Eğri oturup doğru konuşalım. Düşünce dünyasının
kapılarını yıllarca dışarıya kapamış biri, doğal olarak
yalnızca kendi kültürü, örf ve adetleri,
şartlanmaları, buna bağlı değer yargılarıyla yaşarken,
zanlar, vehimler, yakıştırmalar, varsayımlar, korkulu ve
öfkeli tepkisellikler, saplantılar, kurduğu ürettiği
hayali teoriler düşünce dünyasının ana temasını
oluşturuyorsa, gerçekleri bulma, bunun yanı sıra gaybi
âlemlere, bilgilere ulaşma şansı var mıdır?

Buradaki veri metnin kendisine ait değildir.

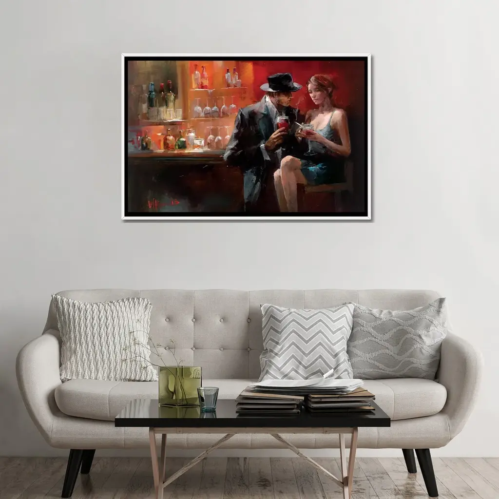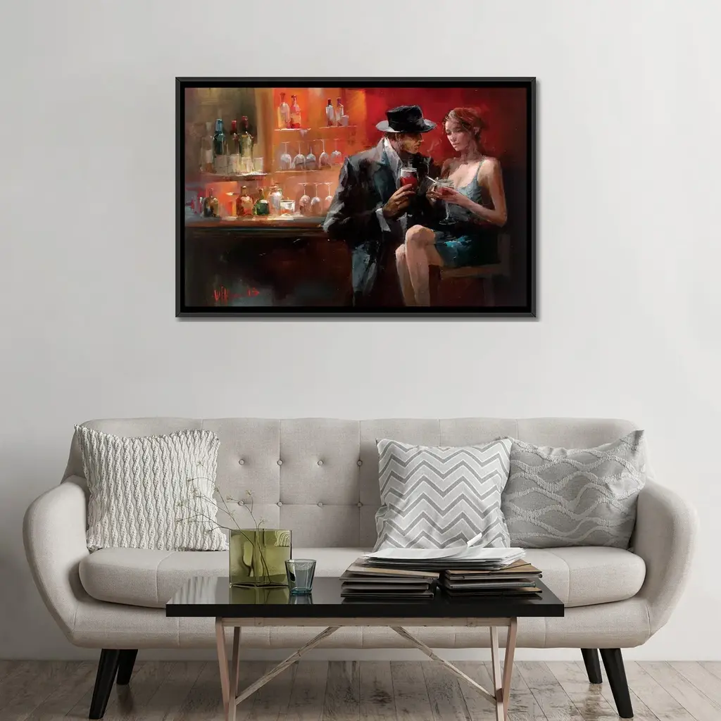Icanvas "Evening In The Bar I" By Willem Haenraets Framed Canvas Print - Gold - 26x40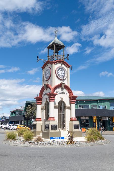 On se croirait dans un décor de Jurassic Park. La vue depuis le Lookout est sympa mais le reste est monotone, on n'a pas beaucoup de vue sur la rivière. On a fait 7,1 km AR en 1h50. On va faire quelques achats souvenirs à la boutique des Pancakes Rocks et on mange une pizza. On repart à 13h15. On passe par Greymouth. On continue jusqu'à Hokitika. On arrive à 14h30. Petite balade dans la ville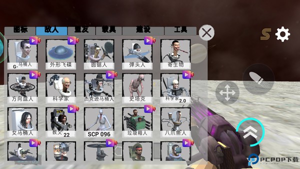 3、点击左侧箱子按钮,玩家可选择要添加的敌人,如马桶人、圆锯人、弹头人、寄生物、外星飞碟等;
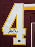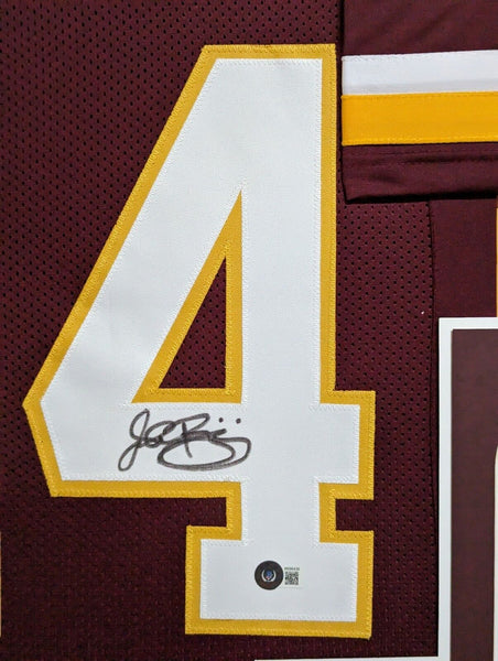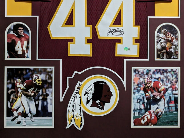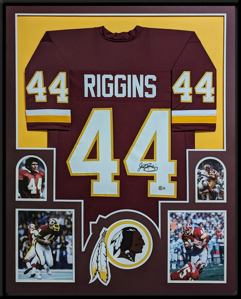 Custom Framed John Riggins hand signed Washington football style custom jersey.Beckett COAThe authentication is from Beckett. This signature is WITNESSED by a representative of Beckett! 100% AUTHENTIC!!! The jersey has fully stitched numbers on the front and back. This item is professionally framed, it measures 32"x40" inside , 42"x34" outside , using UV protective Acrylic glass for safe keeping and safe transport, team color matting, black moulding and hanging hooks on the back. All additional items in frame seen in pictures included. 100% ready to hang in your fan cave.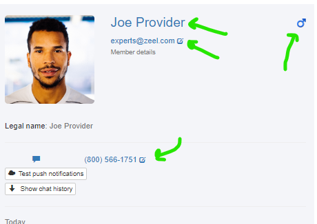 Provider Name, Phone number, Email and gender can be updated from their provider profile by clicking on the pen/notepad buttons or for Name/Gender the icon/name itself.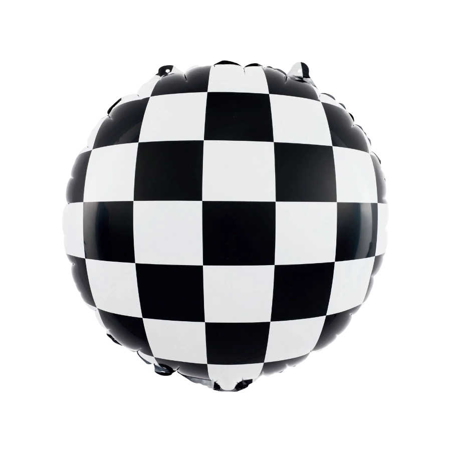 Balon prezentuje motyw flagi w szachownicę – symbol zwycięstwa i sportowej rywalizacji.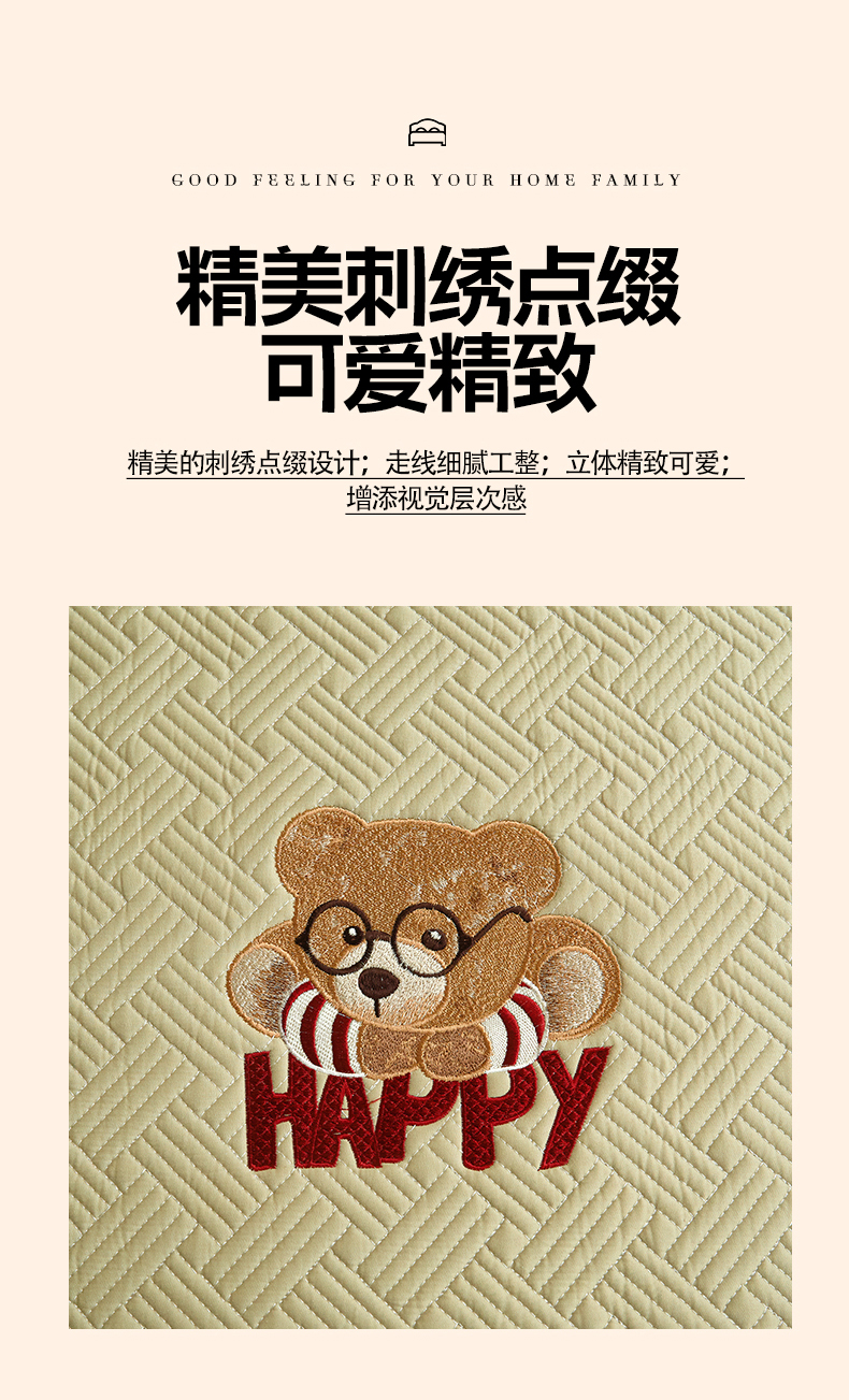 商品名称:暖季家纺 2025新款40支长绒棉刺绣款全棉夹棉床笠支持定制 博士小熊-抹茶绿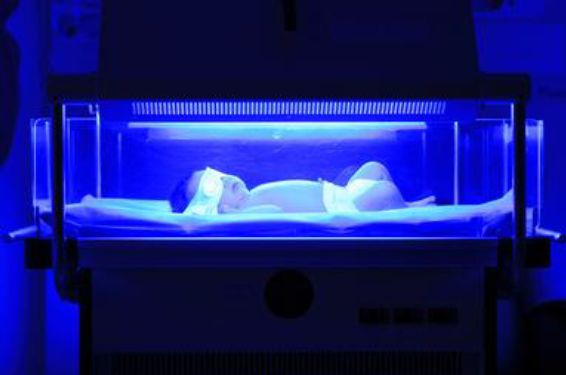 ويستعمل لعلاج زيادة املاح الصفراء Hyperbilirubinemia و اليرقان الولادي Jaundice في حديثي الولادة ، وذلك بتعريضهم لضوء بشدة عالية والضوء الازرق يكون الافضل اذ يتحلل Bilirubin في البشرة بواسطة الاكسدة الضوئية Photooxidation ، ويمكن التعريض للشمس بأوقات محددة للحصول على الاطوال الموجية الملائمة ولمدة محددة ، وتستعمل مثل هذه الممارسة للتداخل مع فيتامين D للاطفال .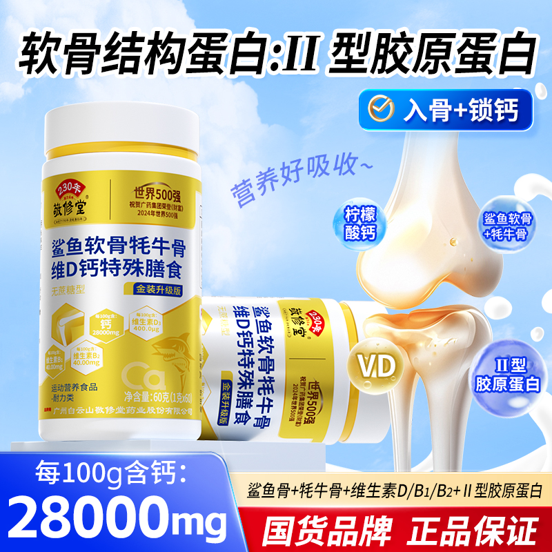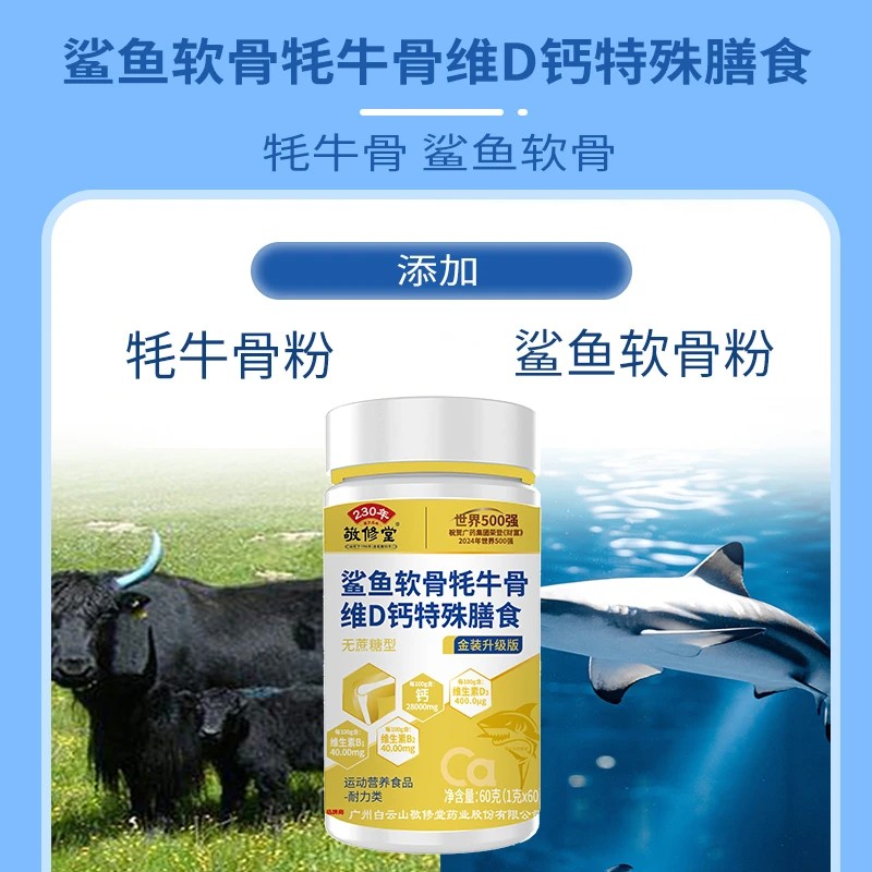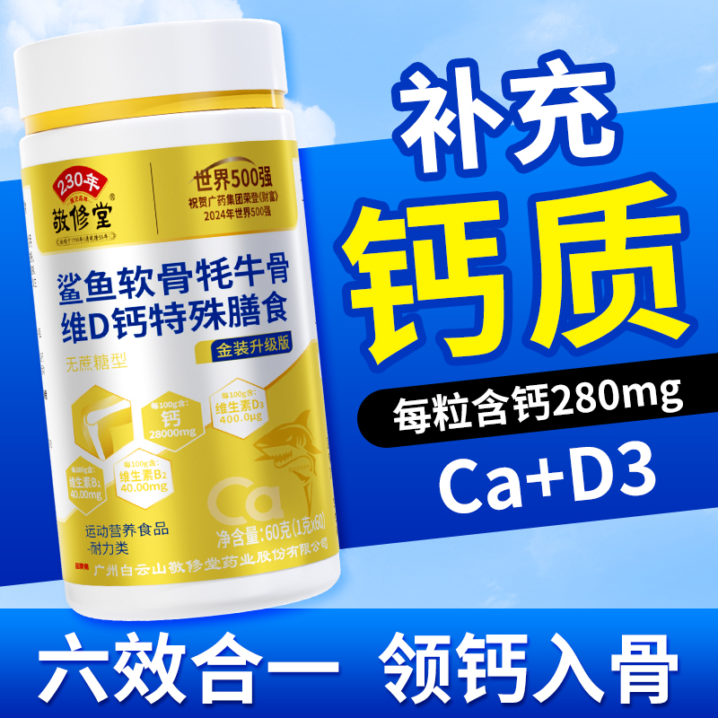 广州白云山敬修堂鲨鱼软骨牦牛骨维生素VD钙片中老年人骨质疏松

Fikri değerlendirmeler yapma potansiyeli, yetişkin
olmayanların oyunları düzeyine inmişse; asıl derdi,
dünyevi değerlerle dopdolu bir hayat yaşamak ise,
var oluş amacının aksine bir hayatı benimsemiş ve
kabullenmiş demektir.
O nedenledir ki koskoca profesörler; zahir yanlı
düşünceleri ile bilimsel açıdan objektif yaklaşımlarda
bulunsalar da insanlığa çok şeyler katmalarına karşın,
büyük bir özveri ve arınma ile ulaşılması gereken
‘sistemi okuma’ işlevinden mahrum kalırlar.
Nerede kaldı ilham türü bilgilere ulaşabilmeleri!
Ayrıca bazı insanların merakını gördükten sonra,
çevresinde olup bitenlere anlam vermeye çalışmadan
yaşayıp giden, gününü gün etmekten başka bir şey
düşünmeyen insanlara şaşmamak mümkün değil; Onlar bu tür
olaylara boş gözle bakabilir mi? Çıkarılacak bir anlam
yok mudur?
İnsanın; mana yönlü değerlendirmelere odaklanma
şansından yoksun adam sendeciliği ve yalnızca bir
korunma içgüdüsüyle yaşama tutkusu söz konusu ise
şuurunu nelerin kapattığı ve neleri kaybettiği üzerinde
bir analizde bulunması, uzun uzun düşünmesi icap eder.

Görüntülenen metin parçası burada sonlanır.